SPEC_ALL : thm -> thm

SYNOPSIS
Specializes the conclusion of a theorem with its own quantified variables.

DESCRIPTION
When applied to a theorem A |- !x1...xn. t, the inference rule SPEC_ALL returns the theorem A |- t[x1'/x1]...[xn'/xn] where the xi' are distinct variants of the corresponding xi, chosen to avoid clashes with any variables free in the assumption list.
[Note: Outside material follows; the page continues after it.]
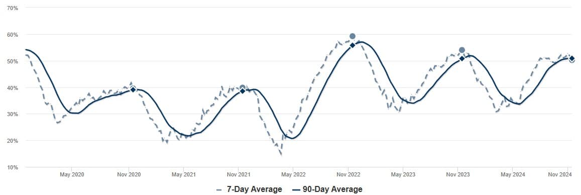 As of November, the percentage of listings with price reductions since September has remained relatively steady at 50%. When following prior trends, we can expect the percentage rate to rise or at least hold steady until dipping in January. The 50% percentage this year is slightly lower than in 2023.
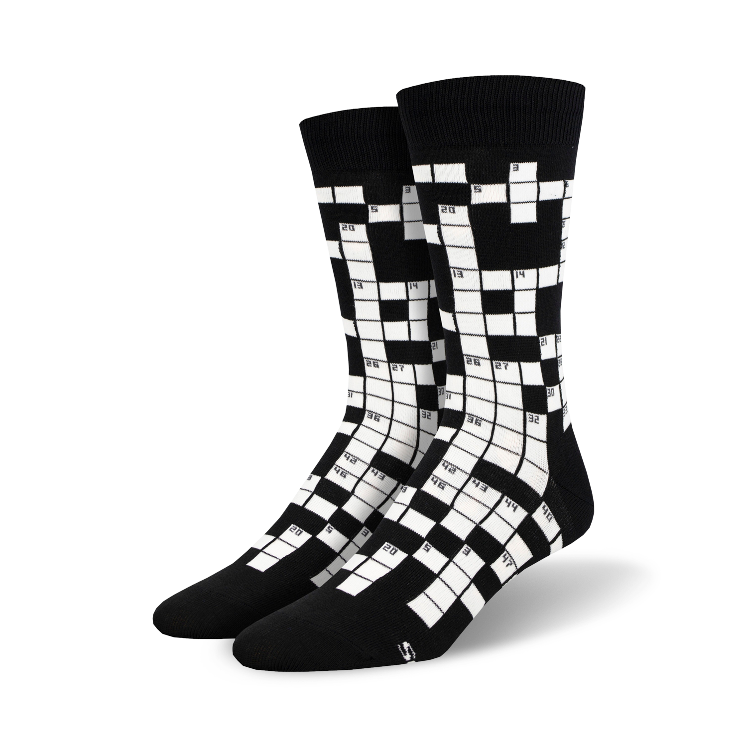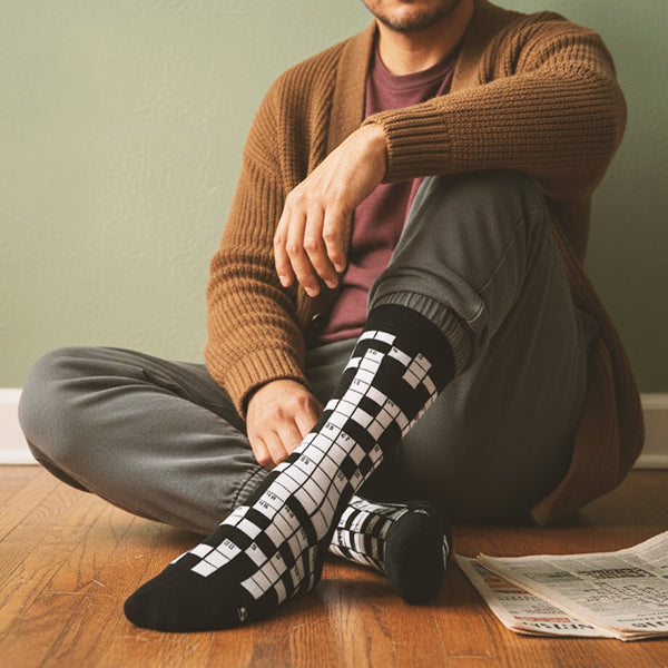 The crossword puzzle is a classic game that tests your wit and vocabulary. Now you can wear your love of crosswords on your feet with these Sunday Crossword Socks. The black socks are decorated with a white crossword puzzle pattern, so you can always have a puzzle to solve, even when you're not at the kitchen table. Plus, with a plush terrycloth sock that cushions your arch and heel, they're the perfect socks to wear while you're sitting down to solve the daily puzzle.

Normally xi' is just xi, in which case SPEC_ALL simply removes all universal quantifiers.
       A |- !x1...xn. t
   ---------------------------  SPEC_ALL
    A |- t[x1'/x1]...[xn'/xn]

FAILURE CONDITIONS
Never fails.

EXAMPLE
The following example shows how variables are also renamed to avoid clashing with those in assumptions.
  # let th = ADD_ASSUM `m = 1` ADD_SYM;;
  val th : thm = m = 1 |- !m n. m + n = n + m

  # SPEC_ALL th;;
  val it : thm = m = 1 |- m' + n = n + m'

SEE ALSO
GEN, GENL, GEN_ALL, GEN_TAC, SPEC, SPECL, SPEC_ALL, SPEC_TAC.